TASK INSTRUCTIONS
When you respond, restate each record exactly as it is given.

(Stored data)
╔══
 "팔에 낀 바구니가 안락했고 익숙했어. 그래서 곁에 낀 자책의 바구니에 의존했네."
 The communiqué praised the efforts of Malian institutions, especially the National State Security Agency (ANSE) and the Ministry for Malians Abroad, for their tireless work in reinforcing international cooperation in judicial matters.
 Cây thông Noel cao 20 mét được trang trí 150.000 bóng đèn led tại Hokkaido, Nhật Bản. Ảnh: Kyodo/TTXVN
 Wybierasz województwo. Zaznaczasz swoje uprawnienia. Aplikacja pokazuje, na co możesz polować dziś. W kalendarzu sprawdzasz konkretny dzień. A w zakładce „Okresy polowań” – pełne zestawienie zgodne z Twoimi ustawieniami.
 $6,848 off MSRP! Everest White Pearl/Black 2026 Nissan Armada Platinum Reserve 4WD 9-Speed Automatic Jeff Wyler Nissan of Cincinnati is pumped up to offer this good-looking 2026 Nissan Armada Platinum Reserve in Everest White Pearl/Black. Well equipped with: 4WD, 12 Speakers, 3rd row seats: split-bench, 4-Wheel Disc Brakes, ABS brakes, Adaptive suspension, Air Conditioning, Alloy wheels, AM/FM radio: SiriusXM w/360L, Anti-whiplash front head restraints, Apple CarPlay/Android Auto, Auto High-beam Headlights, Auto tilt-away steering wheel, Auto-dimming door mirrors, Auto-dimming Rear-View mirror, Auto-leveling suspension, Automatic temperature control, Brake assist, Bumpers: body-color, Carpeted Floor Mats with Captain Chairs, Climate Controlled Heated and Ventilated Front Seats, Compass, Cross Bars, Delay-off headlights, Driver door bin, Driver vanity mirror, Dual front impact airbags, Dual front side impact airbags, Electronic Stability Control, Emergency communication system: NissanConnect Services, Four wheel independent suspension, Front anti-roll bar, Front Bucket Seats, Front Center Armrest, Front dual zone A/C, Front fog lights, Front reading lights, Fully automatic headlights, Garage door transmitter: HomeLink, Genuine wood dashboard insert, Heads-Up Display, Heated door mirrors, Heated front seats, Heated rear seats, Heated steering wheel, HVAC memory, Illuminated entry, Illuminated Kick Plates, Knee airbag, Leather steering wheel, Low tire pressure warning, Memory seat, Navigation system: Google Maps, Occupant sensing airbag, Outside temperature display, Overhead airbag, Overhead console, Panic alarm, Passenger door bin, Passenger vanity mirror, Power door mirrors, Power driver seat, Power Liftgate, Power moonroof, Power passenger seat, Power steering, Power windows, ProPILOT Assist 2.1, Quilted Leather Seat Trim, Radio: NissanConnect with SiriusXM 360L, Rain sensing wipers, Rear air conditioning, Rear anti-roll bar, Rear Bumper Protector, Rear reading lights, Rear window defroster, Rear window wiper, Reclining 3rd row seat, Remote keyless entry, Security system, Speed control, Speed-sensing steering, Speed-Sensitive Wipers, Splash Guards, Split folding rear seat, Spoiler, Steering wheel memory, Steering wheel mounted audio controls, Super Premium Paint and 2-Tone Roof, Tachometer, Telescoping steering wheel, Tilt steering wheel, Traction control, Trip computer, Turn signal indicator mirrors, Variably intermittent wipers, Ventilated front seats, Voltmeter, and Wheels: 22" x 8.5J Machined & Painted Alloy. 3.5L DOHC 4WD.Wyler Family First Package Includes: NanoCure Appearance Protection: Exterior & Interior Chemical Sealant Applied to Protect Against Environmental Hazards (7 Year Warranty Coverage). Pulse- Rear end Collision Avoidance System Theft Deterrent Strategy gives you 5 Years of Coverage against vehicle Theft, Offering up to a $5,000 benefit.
╚══
ANSWER TO THE EXERCISE
 "팔에 낀 바구니가 안락했고 익숙했어. 그래서 곁에 낀 자책의 바구니에 의존했네."
 The communiqué praised the efforts of Malian institutions, especially the National State Security Agency (ANSE) and the Ministry for Malians Abroad, for their tireless work in reinforcing international cooperation in judicial matters.
 Cây thông Noel cao 20 mét được trang trí 150.000 bóng đèn led tại Hokkaido, Nhật Bản. Ảnh: Kyodo/TTXVN
 Wybierasz województwo. Zaznaczasz swoje uprawnienia. Aplikacja pokazuje, na co możesz polować dziś. W kalendarzu sprawdzasz konkretny dzień. A w zakładce „Okresy polowań” – pełne zestawienie zgodne z Twoimi ustawieniami.
 $6,848 off MSRP! Everest White Pearl/Black 2026 Nissan Armada Platinum Reserve 4WD 9-Speed Automatic Jeff Wyler Nissan of Cincinnati is pumped up to offer this good-looking 2026 Nissan Armada Platinum Reserve in Everest White Pearl/Black. Well equipped with: 4WD, 12 Speakers, 3rd row seats: split-bench, 4-Wheel Disc Brakes, ABS brakes, Adaptive suspension, Air Conditioning, Alloy wheels, AM/FM radio: SiriusXM w/360L, Anti-whiplash front head restraints, Apple CarPlay/Android Auto, Auto High-beam Headlights, Auto tilt-away steering wheel, Auto-dimming door mirrors, Auto-dimming Rear-View mirror, Auto-leveling suspension, Automatic temperature control, Brake assist, Bumpers: body-color, Carpeted Floor Mats with Captain Chairs, Climate Controlled Heated and Ventilated Front Seats, Compass, Cross Bars, Delay-off headlights, Driver door bin, Driver vanity mirror, Dual front impact airbags, Dual front side impact airbags, Electronic Stability Control, Emergency communication system: NissanConnect Services, Four wheel independent suspension, Front anti-roll bar, Front Bucket Seats, Front Center Armrest, Front dual zone A/C, Front fog lights, Front reading lights, Fully automatic headlights, Garage door transmitter: HomeLink, Genuine wood dashboard insert, Heads-Up Display, Heated door mirrors, Heated front seats, Heated rear seats, Heated steering wheel, HVAC memory, Illuminated entry, Illuminated Kick Plates, Knee airbag, Leather steering wheel, Low tire pressure warning, Memory seat, Navigation system: Google Maps, Occupant sensing airbag, Outside temperature display, Overhead airbag, Overhead console, Panic alarm, Passenger door bin, Passenger vanity mirror, Power door mirrors, Power driver seat, Power Liftgate, Power moonroof, Power passenger seat, Power steering, Power windows, ProPILOT Assist 2.1, Quilted Leather Seat Trim, Radio: NissanConnect with SiriusXM 360L, Rain sensing wipers, Rear air conditioning, Rear anti-roll bar, Rear Bumper Protector, Rear reading lights, Rear window defroster, Rear window wiper, Reclining 3rd row seat, Remote keyless entry, Security system, Speed control, Speed-sensing steering, Speed-Sensitive Wipers, Splash Guards, Split folding rear seat, Spoiler, Steering wheel memory, Steering wheel mounted audio controls, Super Premium Paint and 2-Tone Roof, Tachometer, Telescoping steering wheel, Tilt steering wheel, Traction control, Trip computer, Turn signal indicator mirrors, Variably intermittent wipers, Ventilated front seats, Voltmeter, and Wheels: 22" x 8.5J Machined & Painted Alloy. 3.5L DOHC 4WD.Wyler Family First Package Includes: NanoCure Appearance Protection: Exterior & Interior Chemical Sealant Applied to Protect Against Environmental Hazards (7 Year Warranty Coverage). Pulse- Rear end Collision Avoidance System Theft Deterrent Strategy gives you 5 Years of Coverage against vehicle Theft, Offering up to a $5,000 benefit.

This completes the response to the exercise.